My reasons included the fact that there is no other record of Eveline to be found, and the fact that this Ann Quick also doesn't seem to have any other records. When that happens, it's worth considering that this is the person one is looking for. It's the only way I figured out who my gr-grfather really was. Ernest Augustus Monck did not exist before 1881, but before that there was an Ernest Augustus Hill who looked just like him, and who disappeared in 1873. Sure enough, eventually (many months later, actually), enough things added up that the identity between the two was firmly established. If I hadn't searched widely and twigged to the coincidences, and then dug into them, I would still not know what my mother's surname really is. ;)

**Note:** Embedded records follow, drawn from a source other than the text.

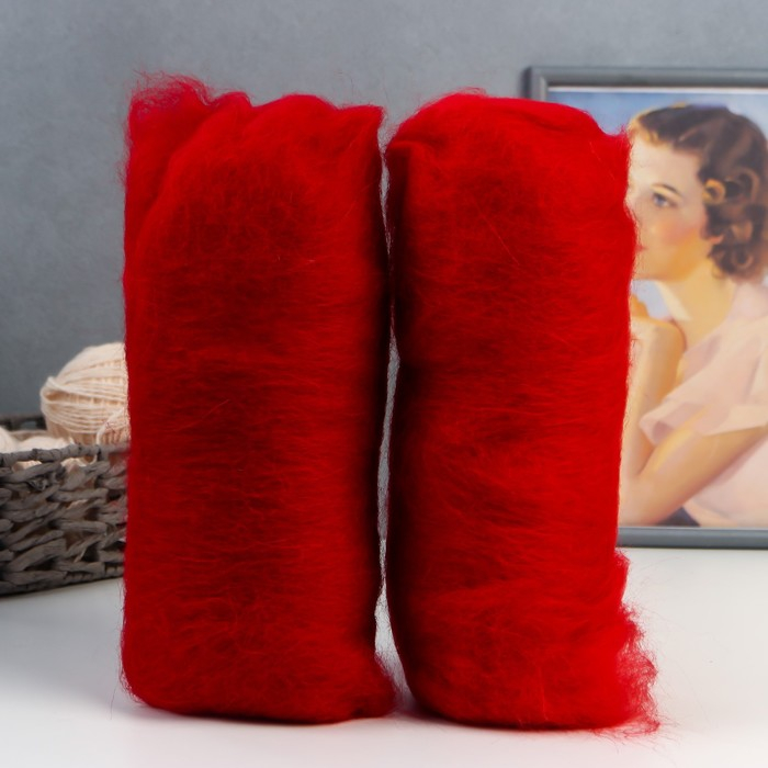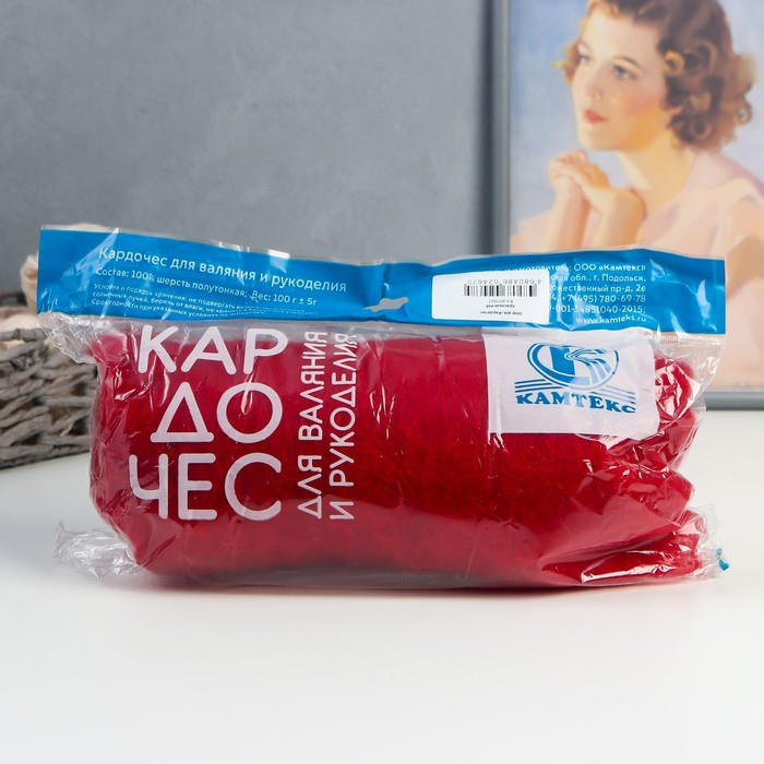Шерсть для валяния "Кардочес" 100% полутонкая шерсть 100гр (046 красный) МИКС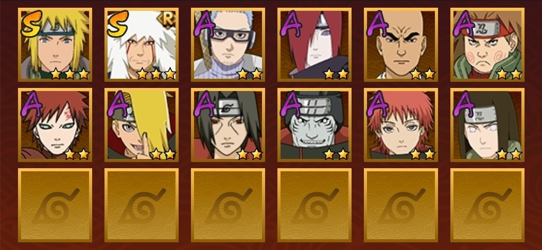 忍戰寧次,青年長門,舞之豪傑自來也,水門,六代水影,迪達拉,疾風傳我愛羅,鼬,鬼鮫,忍戰丁次,地陸,蠍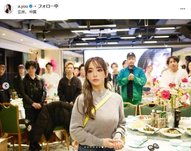 浜崎あゆみ46歳、デニム姿で豪華乾杯 「グラスと顔の大きさ一緒」「AIかと思ったぐらい美加減凄まじい」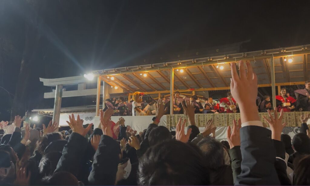 「福は内、鬼は外」の掛け声とともに豆まきが行われ、多くの参拝者で賑わいます。
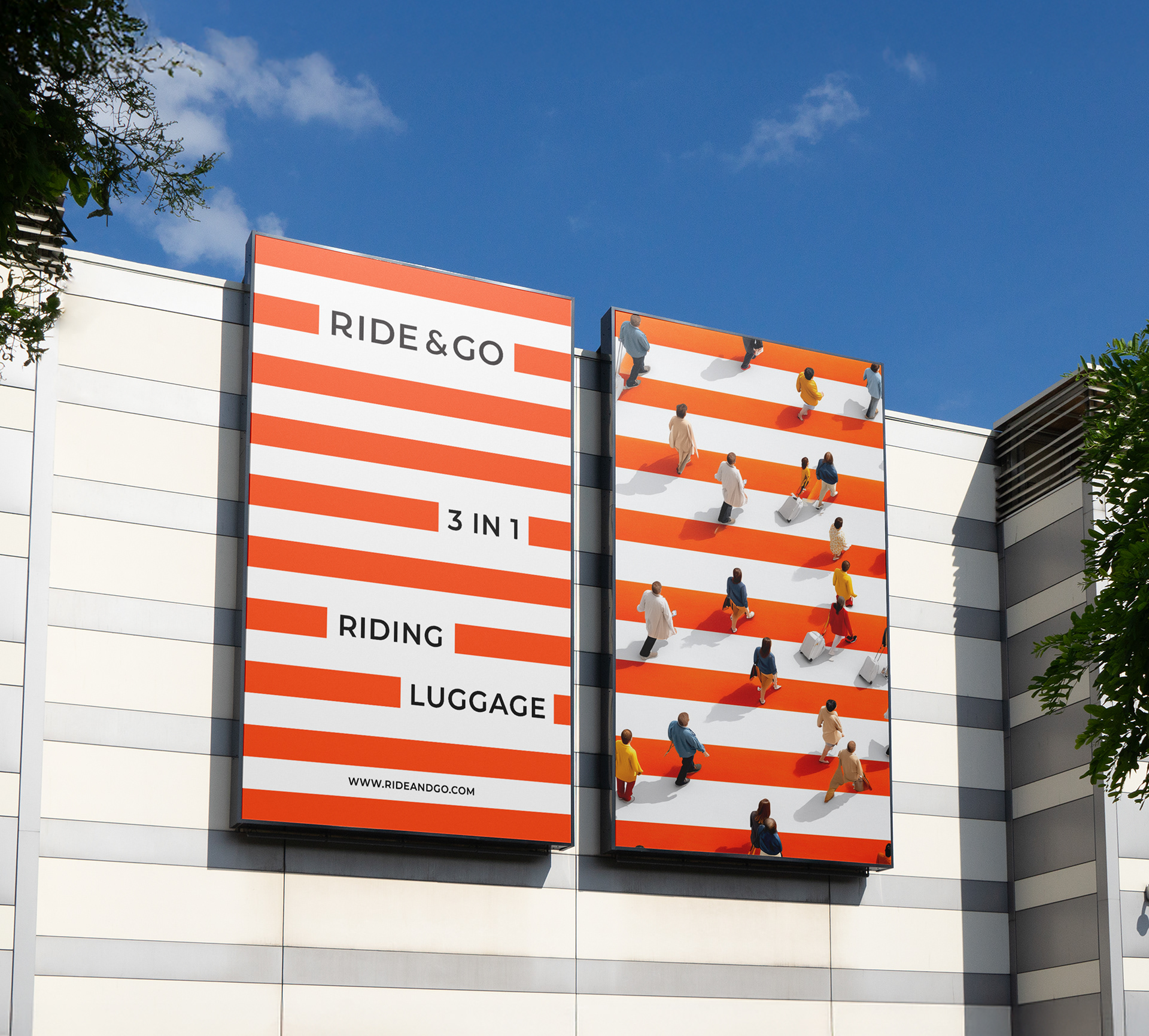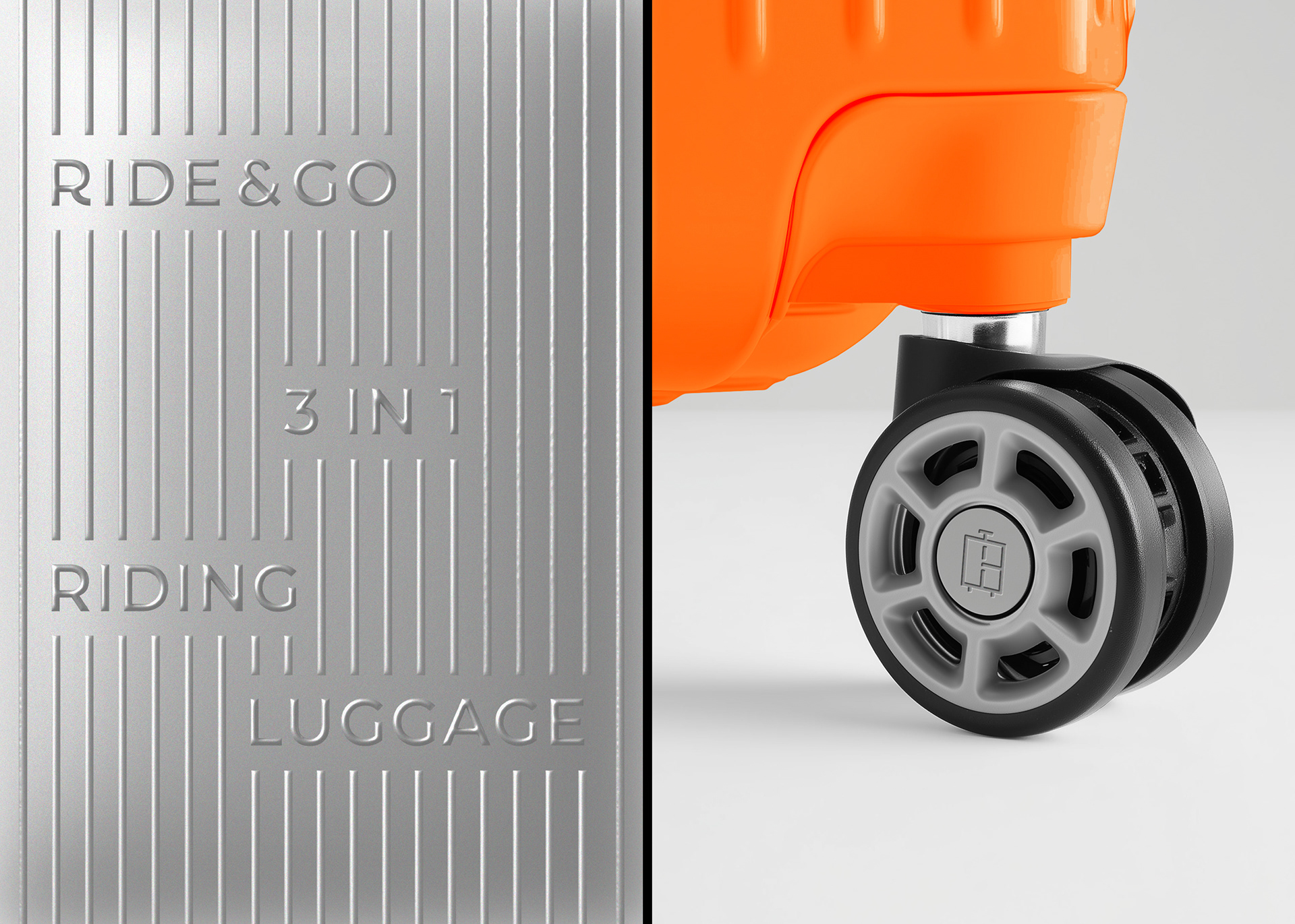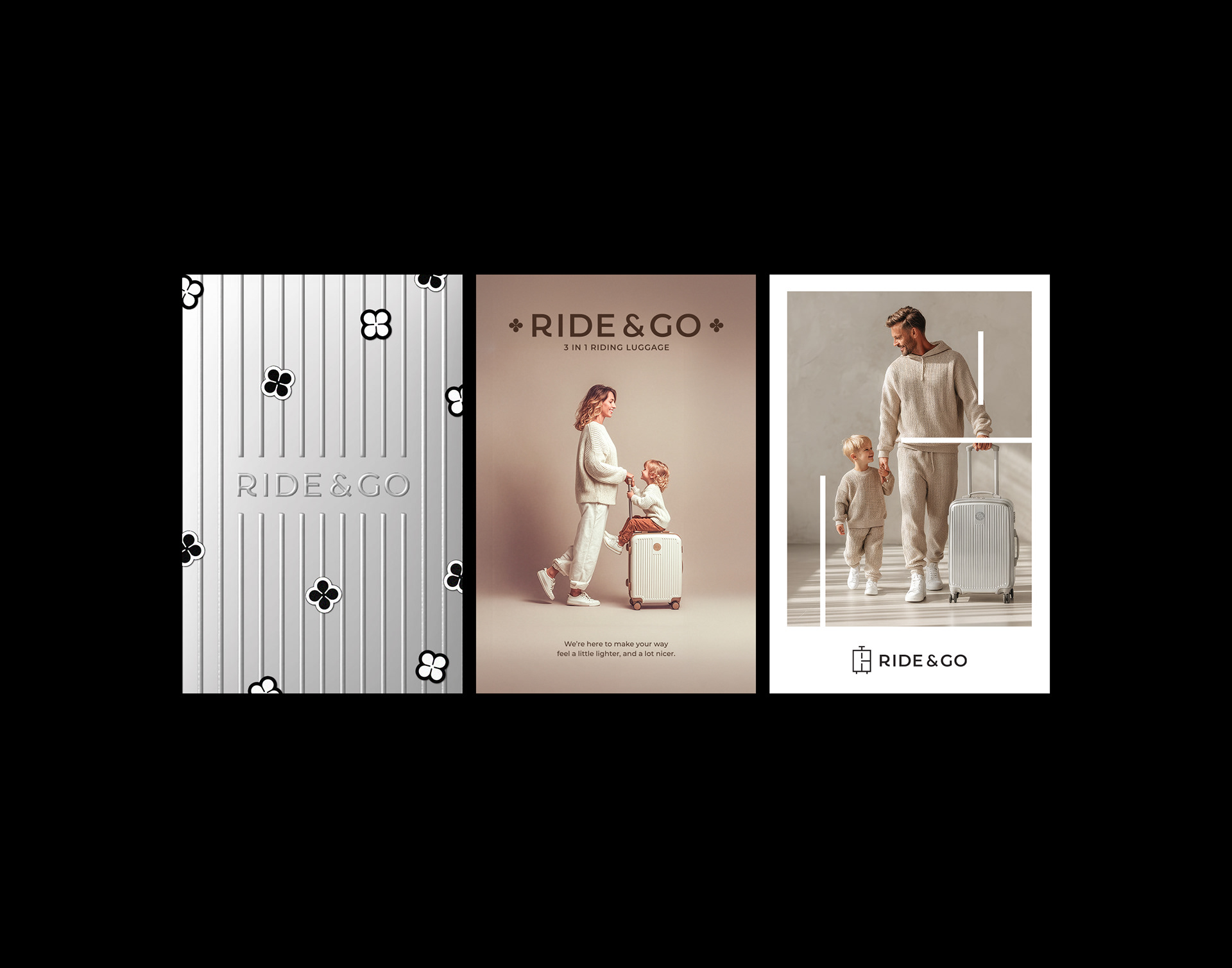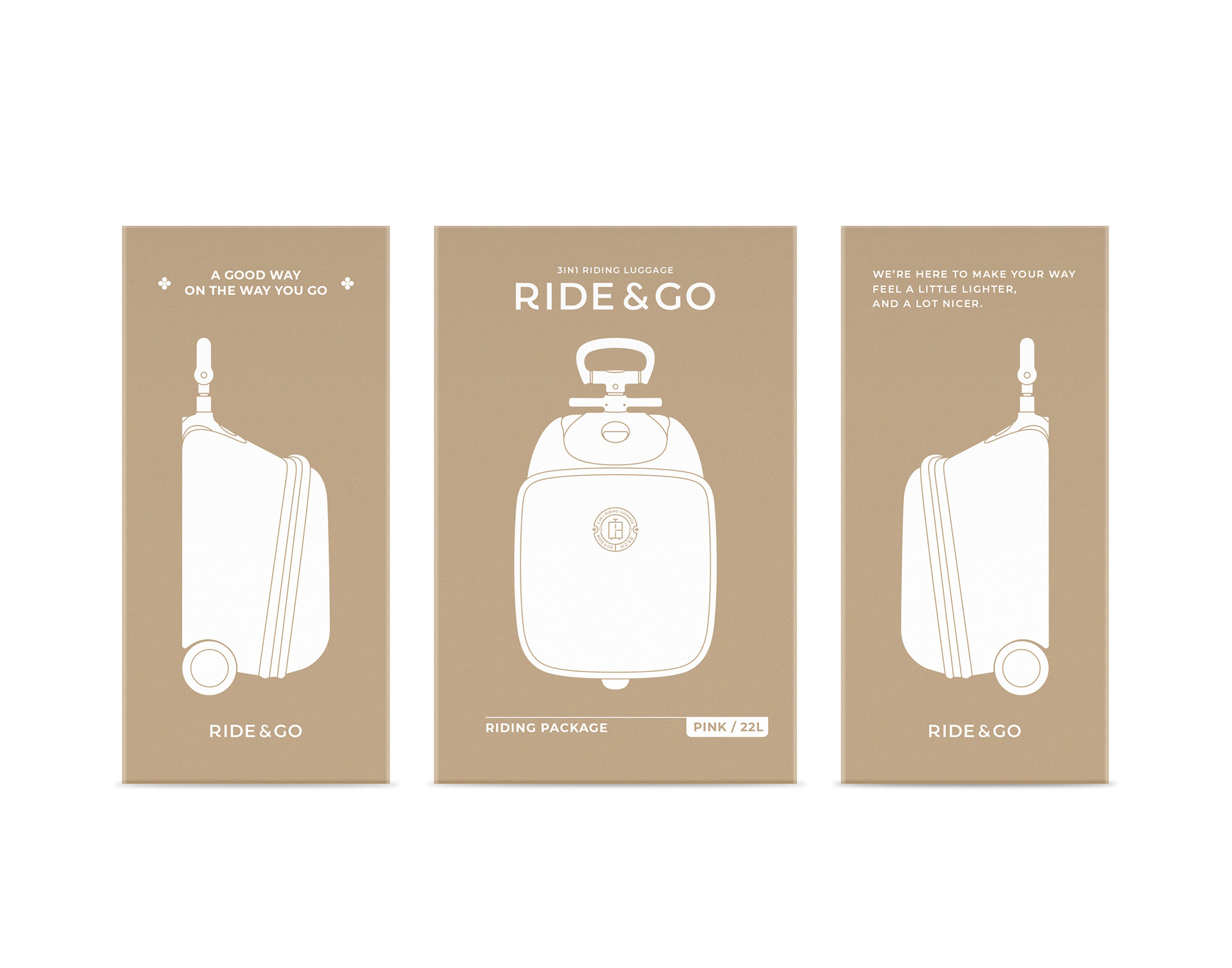 Ride&Go는 짐을 담는 캐리어이자 아이가 직접 탈 수 있는 이동 수단, 간이 의자의 기능을 겸한 3 in 1 라이딩 캐리어 브랜드로, 아이와 함께하는 여행을 보다 편안하게 만드는 브랜드의 목표가 자연스럽게 전달될 수 있도록 디자인 방향을 설정했습니다.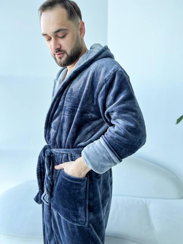 Дуже теплий, приємний на дотик, мʼякий. • Розміри: L, XL, 2XL, 3XL •тканина махра •мʼякий та приємний до тіла •халат з кишенями, поясом та капюшоном Розмірна сітка : L: груди 94-100, стегна 98-104 XL: груди 99-108, стегна 104-112 2XL: груди 108-115, стегна 112-118 3XL: груди 115-122, стегна 118-125 на моделі розмір L (груди 100, стегна 102 см)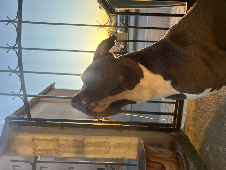 The image displays a blue-nosed American Pit Bull Terrier, or similar bully breed, with a dark grey coat and prominent white chest and muzzle markings, situated outdoors in Aheloy, Bulgaria. The dog is positioned in the foreground, facing slightly right, with its head tilted sharply upward, revealing a strand of saliva dripping from its mouth. Strong, warm, directional light, indicative of either sunrise or sunset, illuminates the dog from its right side, casting highlights on its fur and the surrounding elements. To the dog's left, a light brown, patterned ceramic pot rests on a concrete surface. Behind the dog, a dark metal gate or fence with vertical bars and decorative upper scrollwork is visible. A concrete pillar forms part of this gate structure to the left. Beyond the gate, a multi-story, light-colored building with multiple windows is partially visible on the left side of the frame. The background features a clear sky, transitioning from bright blue at the top to an orange-yellow hue near the horizon. In the mid-ground, beyond the fence, a light-colored vehicle, possibly an SUV, is discernible on what appears to be a paved road or driveway. No human figures are present.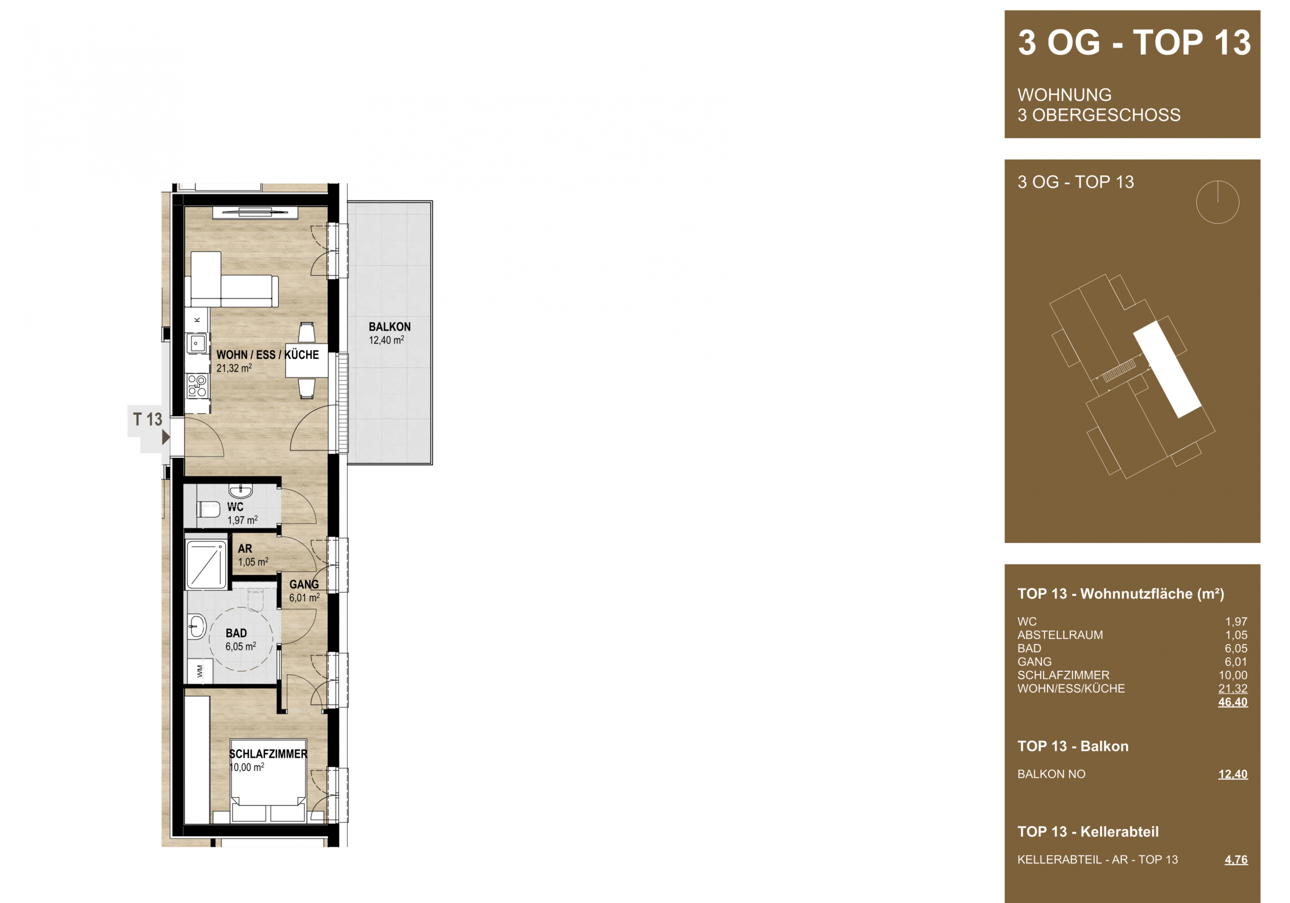 | Top 13 | 47 m² | 12 m² | 3. Stock | 2 Zimmer | 239.900 € |

I have spent quite a lot of time trying to find these people, or any one of them, in 1861. I'm wondering whether the child may have been left, say, with her mother's parents, but no luck on that either.
The fact that she was baptised as a child of Charles Quick doesn't mean she actually was. On the other hand, it's possible that she was his child, but one (or both) of the parents was married to someone else at the time, explaining the delay before they married. All sorts of things are possible and not uncommonly actually happened. Ruling any of them out without investigation wouldn't be wise.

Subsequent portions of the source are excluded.